▸ What you need to do
Return each line of the data below exactly, omitting any pictures.

Source data: Begin

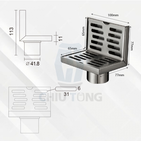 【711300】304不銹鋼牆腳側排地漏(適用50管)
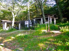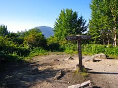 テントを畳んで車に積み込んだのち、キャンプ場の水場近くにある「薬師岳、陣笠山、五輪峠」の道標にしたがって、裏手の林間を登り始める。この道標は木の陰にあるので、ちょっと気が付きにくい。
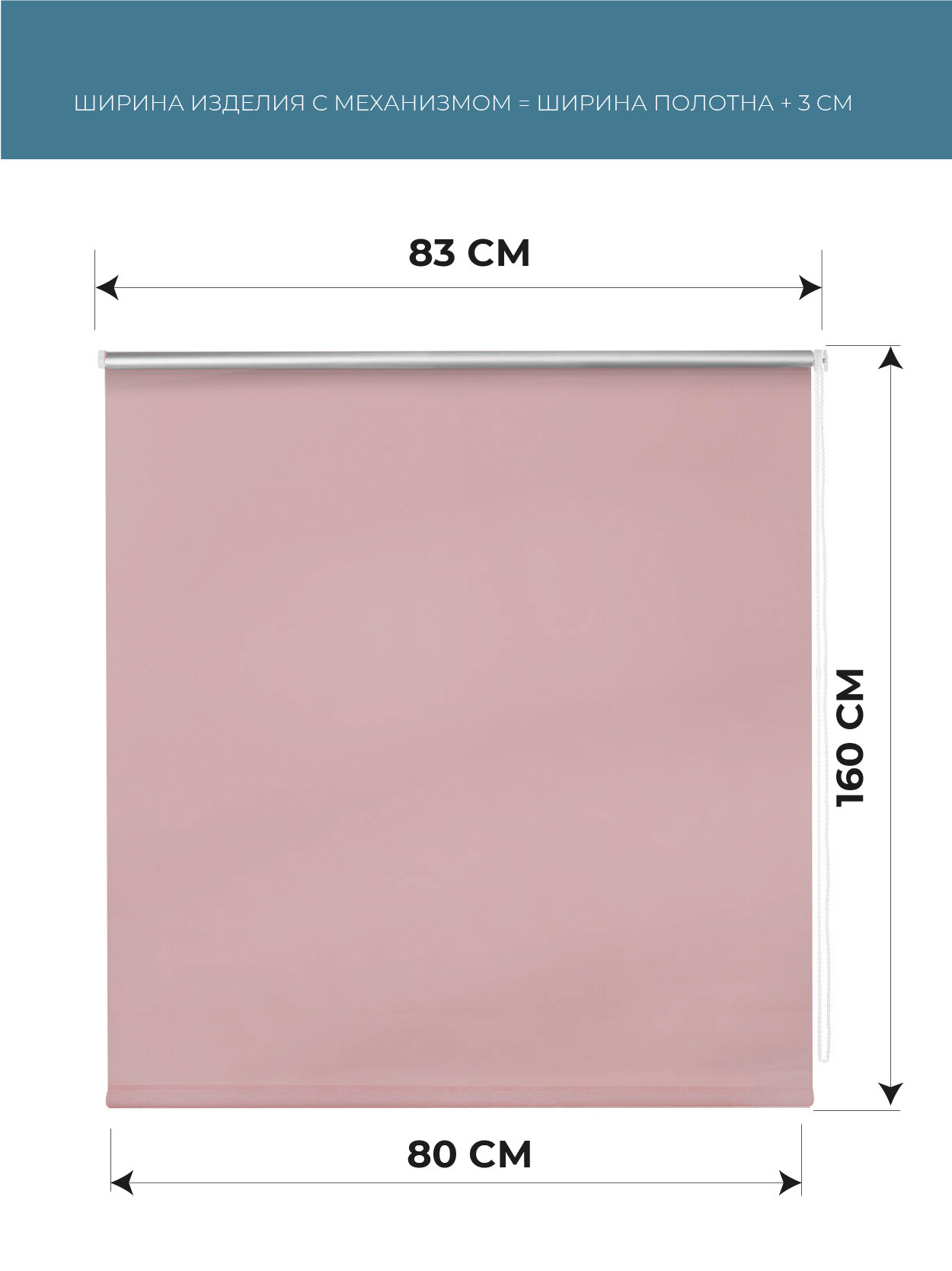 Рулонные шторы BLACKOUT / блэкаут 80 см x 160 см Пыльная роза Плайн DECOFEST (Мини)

Source data: End

▸ Output of the exercise
 【711300】304不銹鋼牆腳側排地漏(適用50管)
 テントを畳んで車に積み込んだのち、キャンプ場の水場近くにある「薬師岳、陣笠山、五輪峠」の道標にしたがって、裏手の林間を登り始める。この道標は木の陰にあるので、ちょっと気が付きにくい。
 Рулонные шторы BLACKOUT / блэкаут 80 см x 160 см Пыльная роза Плайн DECOFEST (Мини)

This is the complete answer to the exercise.